Don’t overlook or gloss over the fringe benefit packages associated with compensation offers, either. In 1996, SLA commissioned a publication by Ernst & Young, LLP, Unlocking the Door to Higher Compensation: Your Key to the Salary Maze. It still is a powerful information tool for negotiating equitable pay. Retirement and health insurance may not be priorities in a younger professional’s job search, but fringe benefits can make all the difference in the long run.


The Big Picture

One other thing librarians can do to improve their employment status and salaries is to become involved in community or state economic development campaigns. If public and school librarians can facilitate the development of higher-paying knowledge-based businesses, tax revenues will increase, property values will increase and governmental resources will grow. Make sure you know the information needs of the small business owners in your community. Help connect them to government resources, statistical reports and trends literature. Help the Chamber of Commerce with information packages that will encourage young families and entrepreneurs to move into your community. Demonstrate clearly the value of library services you provide to local decision makers. Everyone benefits when the economic base of an area grows at a stable, positive rate.

When searching for a new job, pay attention to employment projections and statistical information, compensation surveys and salary reports. Research the salary and benefits packages available to other workers in similar jobs in your employment region. Inform yourself on issues related to the cost of living and working conditions.

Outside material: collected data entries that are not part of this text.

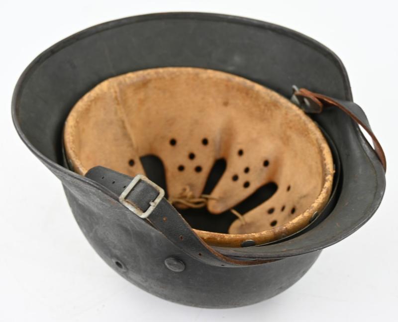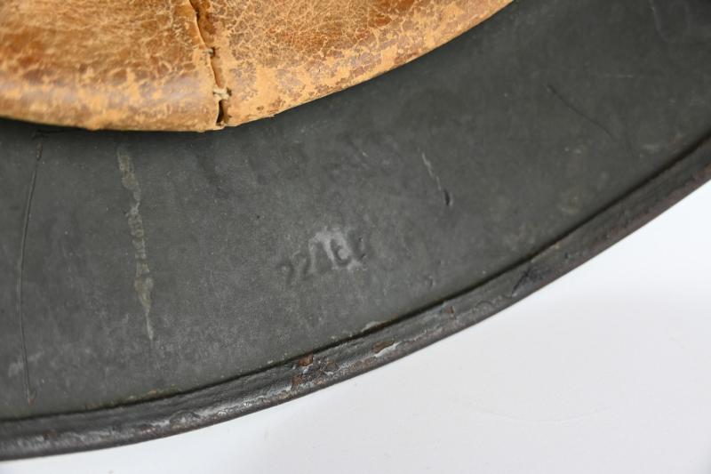 The helmet is made by SE, indicating production by Sachsische Emaillerwerke, Lauter and comes with productionnumber 22466.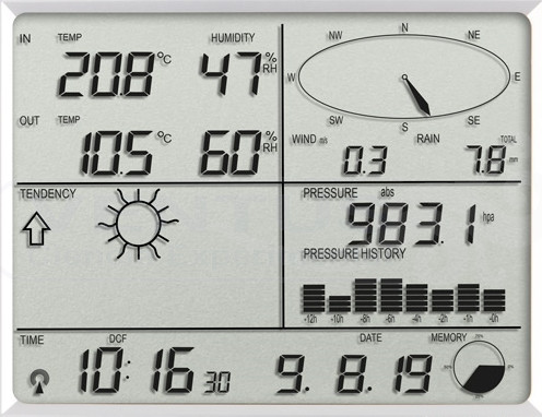 - Memoria cíclica para 4080 registros meteorológicos completos (intervalo de registro ajustable 5 a 240 min.)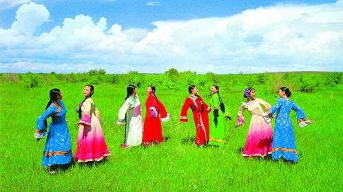 被稱為蒙古族舞蹈活化石的安代舞,是流傳內(nèi)蒙古通遼市周邊地區(qū)的一種原生態(tài)舞蹈。依據(jù)習俗,早期的安代舞表演場地,中間立一斷軸車輪或木桿(意為鎮(zhèn)妖避邪之物),參加者圍成圓圈,右手握一塊綢巾或扯起蒙古袍下擺,隨領唱(領舞者)邊歌邊舞。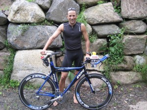 It’s grey and rainy out. It’s actually slowed down a bit now, but it was coming down pretty hard for most of the day. It was dry this morning and luckily I took the bike out for a ride first thing. I rode from the house through town and then did the first 14 or so miles of the course, including the climbs out of town and the descent into Keene. That descent is awesome – I rode a little conservatively and still saw my speedometer hit 43mph! It will be even better on race day when cyclists have a whole lane and can be less worried about the rough shoulder or the cars. I didn’t want to do any of the climbs so my dad picked me up at the bottom of the descent and drove me home (what a nice dad!). As we pulled into the driveway at the house, the rain started coming down. Pretty good timing.
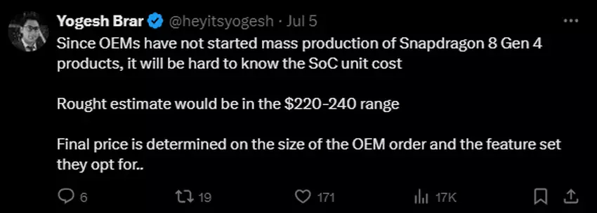 Kolejna generacja mobilnego procesora Qualcomm, Snapdragon 8 Gen 4, będzie znacznie droższa od swojego poprzednika. Według wtajemniczonego Yogesha Brara, cena nowego chipsetu może osiągnąć 240 USD, czyli o 25-30% więcej niż cena Snapdragona 8 Gen 3.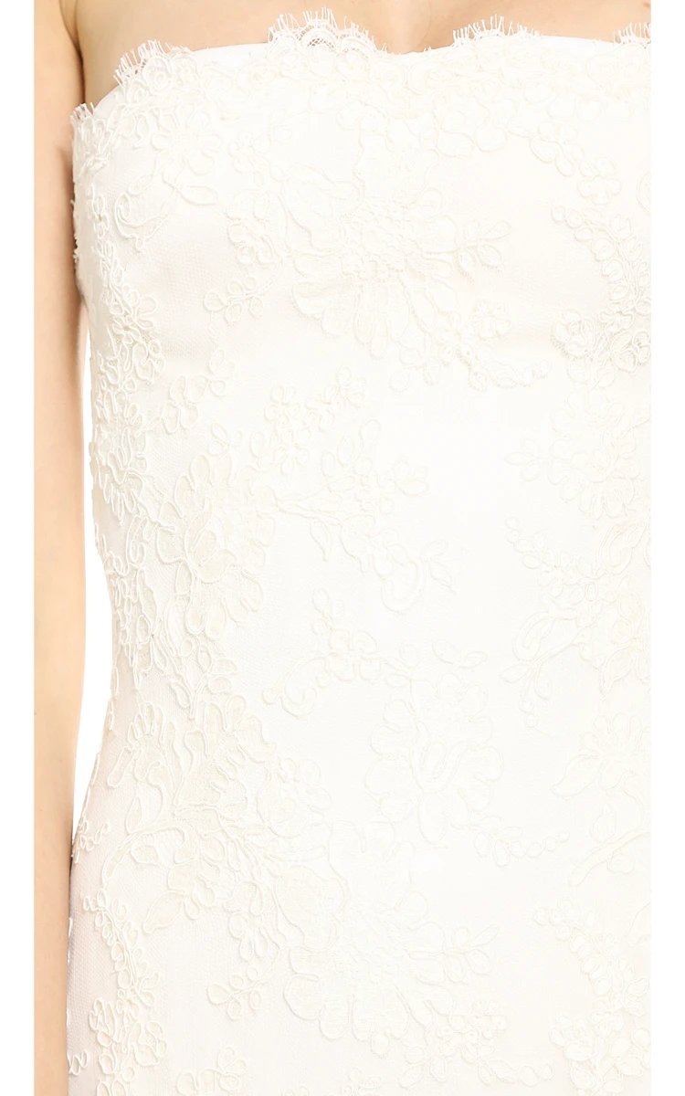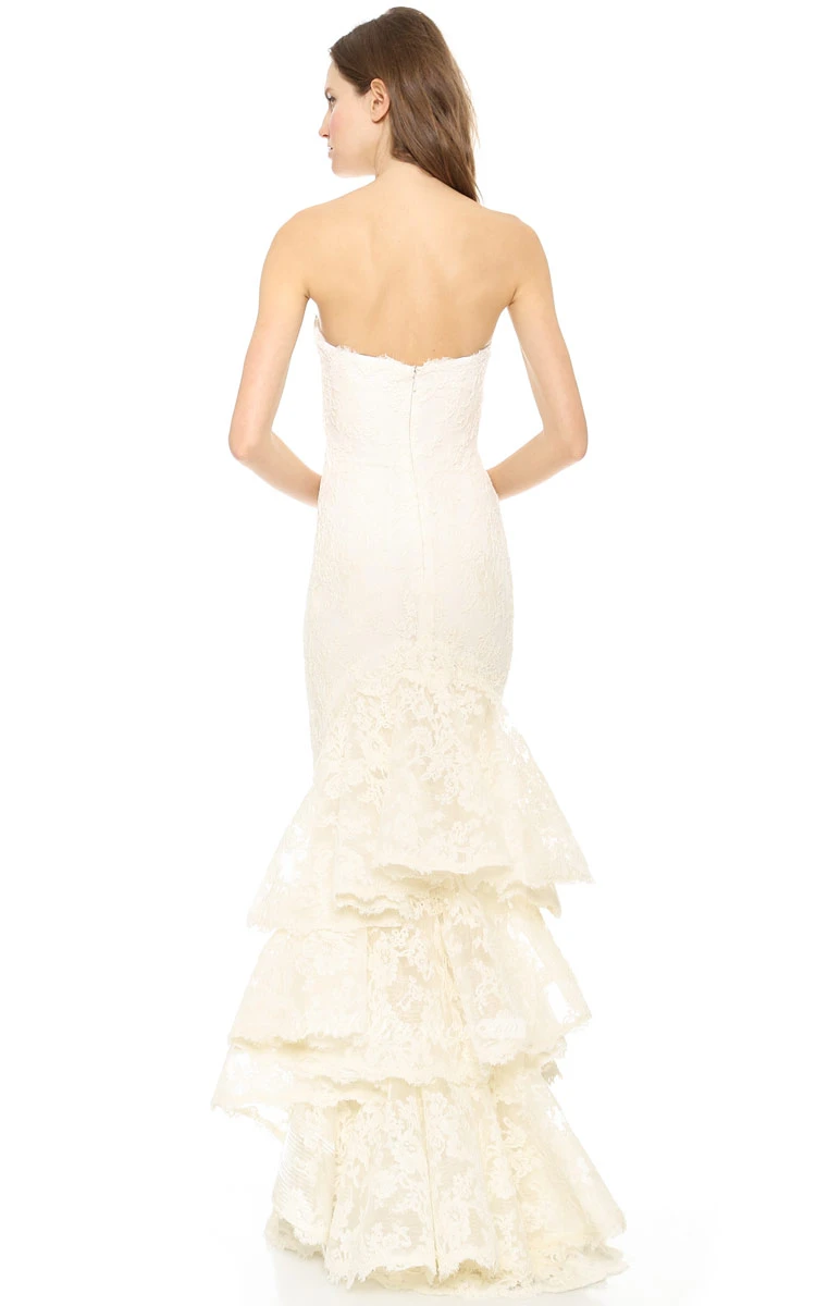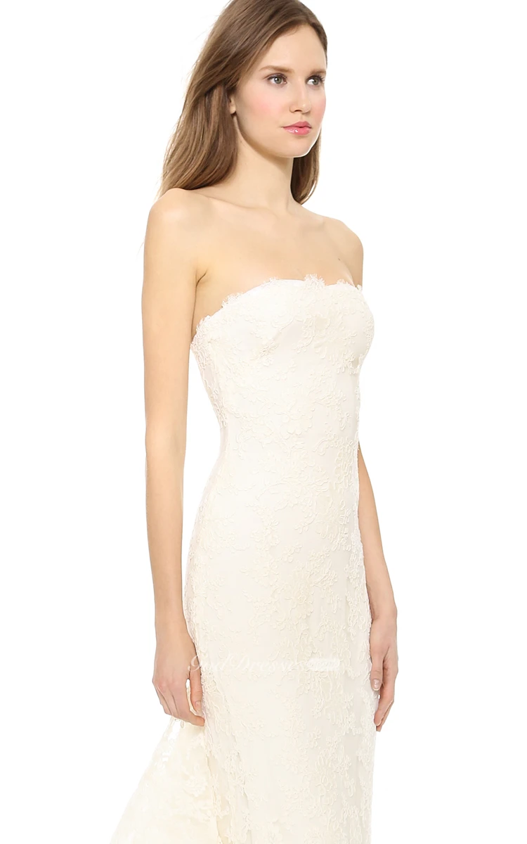 Long Strapless Sheath Lace Dress With Back Ruffles

If you are going to have to live in another community in order to afford housing costs, negotiate a higher salary to compensate for the time and commuting costs. Knowledge is power. If you put your knowledge to work, we can all achieve better salary equity.


Barbara J. Arnold is Admissions and Placement Adviser, Sr., UW- Madison School of Library and Information Studies. Barbara is currently working to put a conference program together for the Wisconsin Library Association Annual Conference in La Crosse on the efforts to develop a knowledge based economy in Wisconsin and advocacy for improving salaries for library workers in the state. Serving on an advisory committee for the Dean of the UW-Madison College of Letters and Science, she learned about the titles of and salaries paid to other people on the campus working in jobs similar to hers. She is looking into writing the justification for a title change for her position to Student Services Program Coordinator, which could lead to a raise. Knowledge is power.